Long long ago, around 2014 or so, when Word2Vec’s star was ascendant, NLP had a habit of representing word meaning in a vector space. The word Jaguar was one point in this space, and that was what Jaguar meant, thank you. There was no need to deal with the multiple meanings of the term.

As NLP made giant strides, with a long succession of Sesame Street Characters (starting with ELMo in 2018), NLP got better at contextualizing meaning. That is, when Jaguar was seen with the word cubs or with the word dealer, the vector for Jaguar would be different: the car sense could now be separated from the animal sense.

Progress! However, although we have moved from ignoring ambiguity to dealing with ambiguity, we are still making the assumption of one sense per utterance: a particular sentence in a particular paragraph has one meaning. This “contextualized” vector is still incapable of dealing with multiple simultaneous meanings.

My frustration with NLP research today is that it oversimplifies. The problems NLP aims to tackle are complex and unruly, but the tools with which to tackle them and the formalisms of how to represent the problem rob it of all the essential character. I have complained previously of work on humor making assumptions that a sentence has at most one pun or that a thoughtful and nuanced 1000-word movie review can be boiled down to a thumbs up or thumbs down. All this simplification is done since it is much easier to fit the problems (where is the pun? What is the sentiment of this movie review?) as a nice mathematical function where we get to bring out and play with our fancy mathematical toys. It worked for Physics, surely it will work for NLP?

The assumption that a sentence in context has a single meaning fits this mathematization-at-the-cost-of-fidelity mold. If a sentence can have multiple meanings, the function mapping a sentence to a meaning ain’t a function no more. How then can we use our neural networks, which are really function approximators?

If multiple meanings are pervasive, we would have to tackle that problem before we claim victory over language understanding.

How prevalent are multiple meanings?

It is easy to brush off this challenge to NLP by classifying it as a rare phenomena. I think it is highly prevalent, and I will given three classes of examples, starting with rather esoteric and moving to the omnipresent.

The Esoteric: Multiple Meanings in Multiple “Languages”

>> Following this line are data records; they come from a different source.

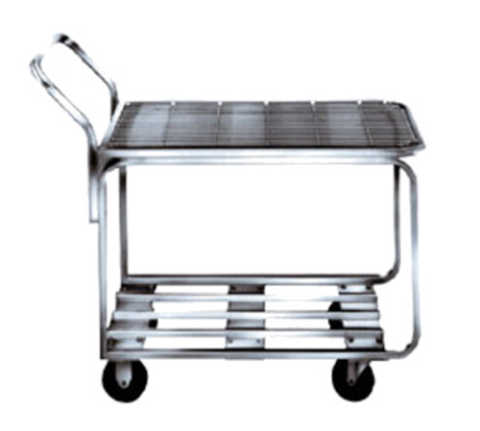 Stocking & Marketing Cart, 18" x 44", all welded steel with wire mesh top shelf, tubular bottom shelf, chrome finish, (2) 5" swivel & (2) 5" rigid rubber casters, 400 lb weight capacity
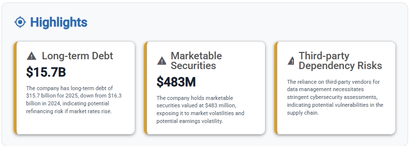 - $15.7B in long-term debt → refinancing risk if rates rise
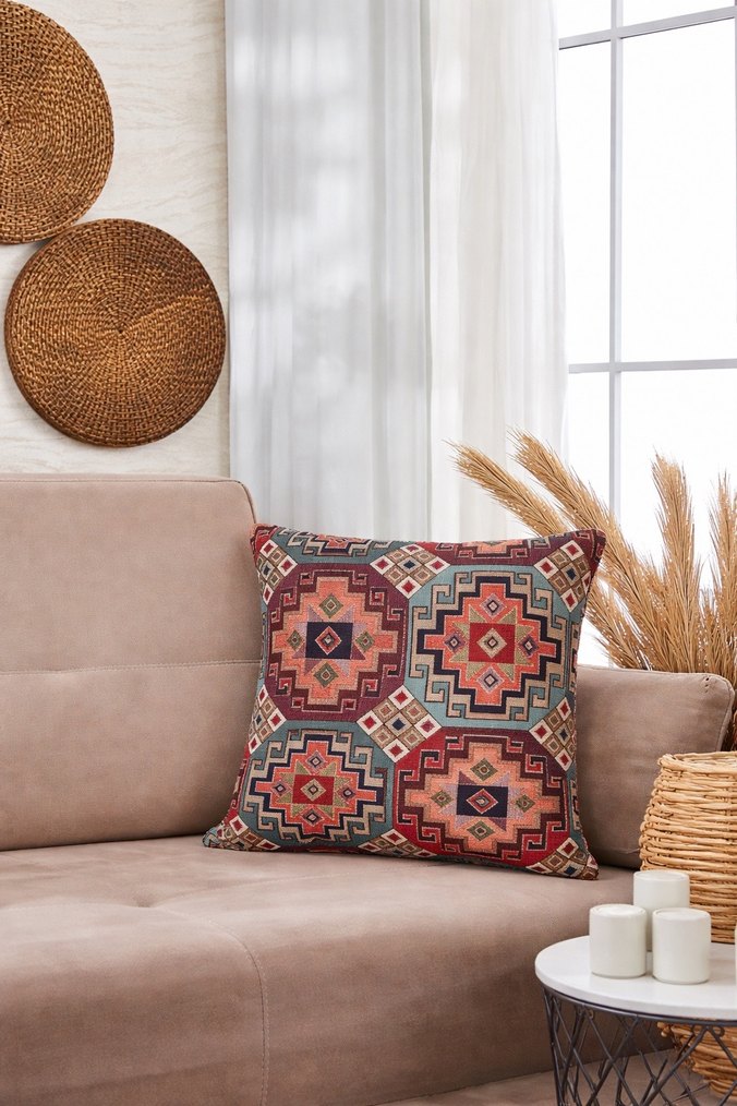 Koyu çok renkli etnik desenli geleneksel tarzda kırlent kılıfı, yaşam alanlarına sıcak ve geleneksel bir dokunuş katar. ️42x42 ölçülerinde desenli
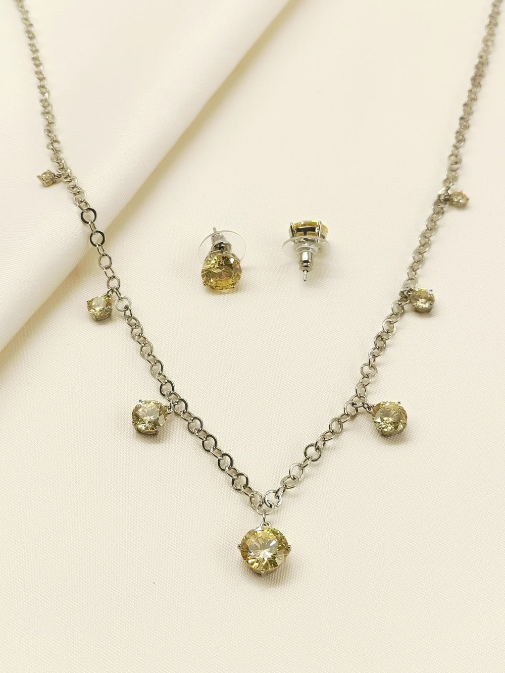 Grace Golden Silver Plated Diamonds Neck Piece With Earrings
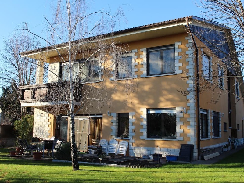 В 21 районе Будапешта, на Чепеле, на тихой спокойной улице продается большой дом 350 кв.м, 9 комнат и участок земли 845 кв.м. На первом этаже большая гостиная с камином и выходом на террасу, столовая, кухня, кладовка, туалет и квартира 80 кв.м с отдельным входом, которая состоит из 3-х комнат, кухни, ванной. На втором этаже 5 комнат, 3 из них используются как спальни для детей и своя ванная комната, 1 большая спальня для родителей с гардеробной и ванной, 1 комната используется для тренажерного зала, 2 балкона. В подвале бойлерная. В наличии коммуникации: вода, электричество, газ, канализация, сигнализация, интернет, телефон, кондиционер. Стены кирпичные, на крыше черепица, окна стекло пакеты, жалюзи, дом просторный с высокими потолками. Приятный, закрытый со всех сторон двор, зеленая лужайка, большие деревья, декоративный пруд. Район обжитый, удобный для проживания, до центра Будапешта 20 мин, до аэропорта 30 мин на машине. Цена 347 000 евро
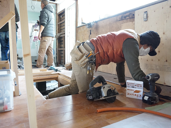 この家は、日当りも風通しも良い場所にあり、歴代のオーナーたちが大事に手入れをしながら住んできたため、建物の状態は良好でした。そのおかげで大規模な基礎工事や躯体の大掛かりな立て直しなどは必要なく、室内の工事に比較的早い段階から取りかかることができました。
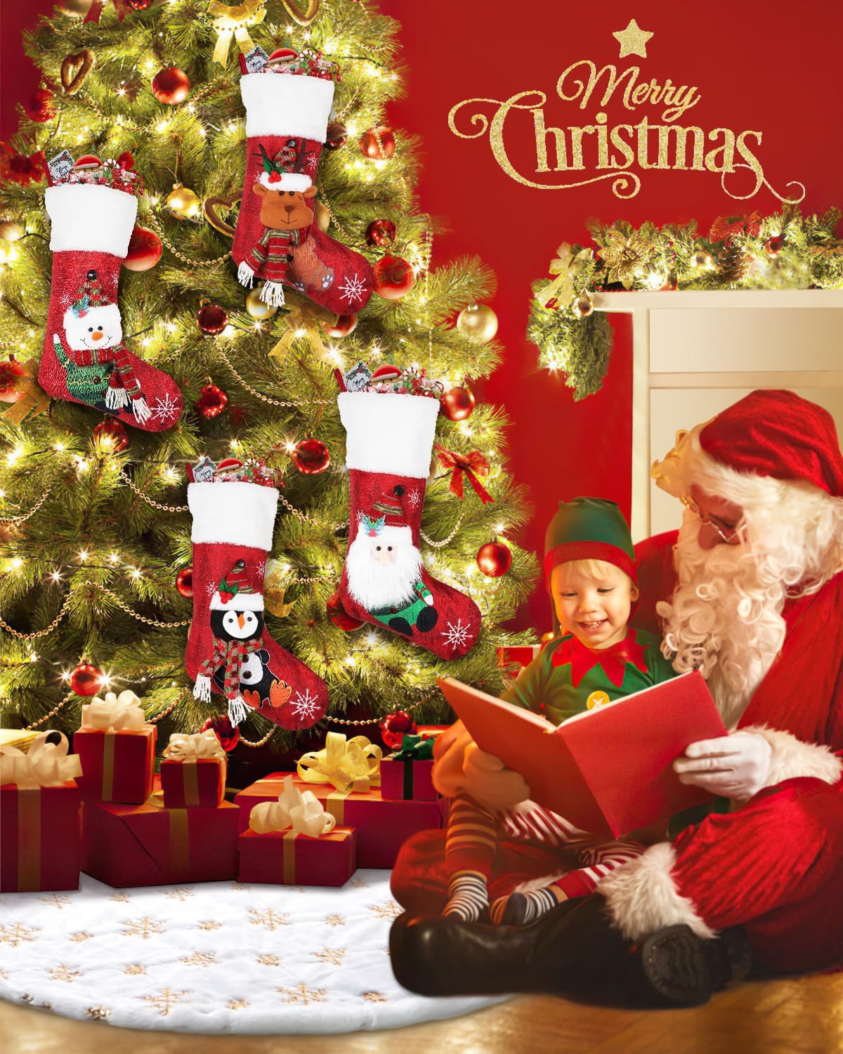 - Soft and warm material: This Christmas tree skirt is made of artificial fur, double-layer design, non-woven fabric on the back, white artificial fur and silver sequins embroidered snowflakes on the front, high-quality plush fabric material, soft and comfortable texture.
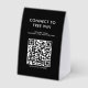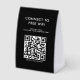 A modern business paper table tent sign design allowing your customers to connect to the free WiFi. A minimalist personalized scan and connect business sign. Customize the text and make it your own..

I use the word “Languages” rather loosely here, as a way of saying “different mechanisms for extracting the meaning”. Here I will include things such as this Sanskrit Shloka (of recent antiquity, circa 1900 A.D., despite being claimed by the probable author as being Vedic)

गोपीभाग्यमधुव्रात शृङ्गिशोदधिसंधिग

खलजीवितखाताव गलहालारसन्धर

This has three well-known parallel meanings. There are two literal meanings, as a devotional hymn to either Krishna or as a hymn to the god Shankar. The third meaning originates by code: there is a way of encoding numbers as Devanagari letters (think of this as A through I being 1 through 9, J through R also 1 through 9, S through W being 1 to 5, and X, Y and Z being 0). Using this, we get a 32-digit number, that begins 31415926. In this (admittedly esoteric) sense, one of the meanings is the mathematical number “pi”.

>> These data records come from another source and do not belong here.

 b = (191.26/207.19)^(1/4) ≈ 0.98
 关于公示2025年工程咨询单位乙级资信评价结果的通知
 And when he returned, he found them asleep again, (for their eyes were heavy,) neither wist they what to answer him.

Another example I am rather proud of is my simultaneous invention (aka discovery) of a thousand Knock-knock jokes:

Knock knock.

Who’s there?

Hungry.

Hungry who

तो कुछ खा लो

(For the non-Hindi readers: the word who sounds like the Hindi हूँ, which means “I am”. “Hungry who” means “I am hungry”. You can guess the remaining 999 jokes in this family).

The Intentional: Word Play

Many names of creative works often have names that depend on multiple meanings for their rich texture and allure. The NPR show “All things considered” has a name that means both that it considers all topics and it considers these from all angles. Many songs owe their popularity to the double entendre.

An example of an extended stretch of multiple meanings comes from the movie “My Cousin Vinny” when Stan is in jail and is visited by his lawyer, Vinny, who Stan has never met. Vinny is helping Stan without a fee, and assumes Stan would be grateful. Vinny, however, has been led to believe that new prisoners are subjected to sexual assault, and assumes that Vinny is the would-be assaulter. The conversation that ensues is of course full of sentences with multiple meanings. The movie’s transcript is here, and the relevant portion is pages 23 through 26. One quite typical example is when Vinny expresses sympathy about Stan being in jail and promises to get him free soon. But of course what Stan hears is something different. What Vinny says “I don’t blame you. If I was in your situation, I’d want to get through this whole thing over as quickly and with as little pain as possible. So let’s try our best to make this thing a simple in and out procedure.”

Word play is frequent in real text. But now we move to the final example, where parallel meanings are everywhere.

The ubiquitous: Metafunction in Systemic Functional Linguistics

Research papers about embeddings usually cite J. R. Firth and his quote “You shall know a word by the company it keeps”. Here I am interested in the work of his most famous student, Michael Halliday, who invented Systemic Functional Linguistics (SFL).

Although I find SFL exceedingly baroque, I find compelling the Systemic Functional Linguists’ emphasis that every conversation has many meanings happening in parallel. They identify three kinds of meanings: ideational, interpersonal and textual, and these kinds of meanings they call metafunctions.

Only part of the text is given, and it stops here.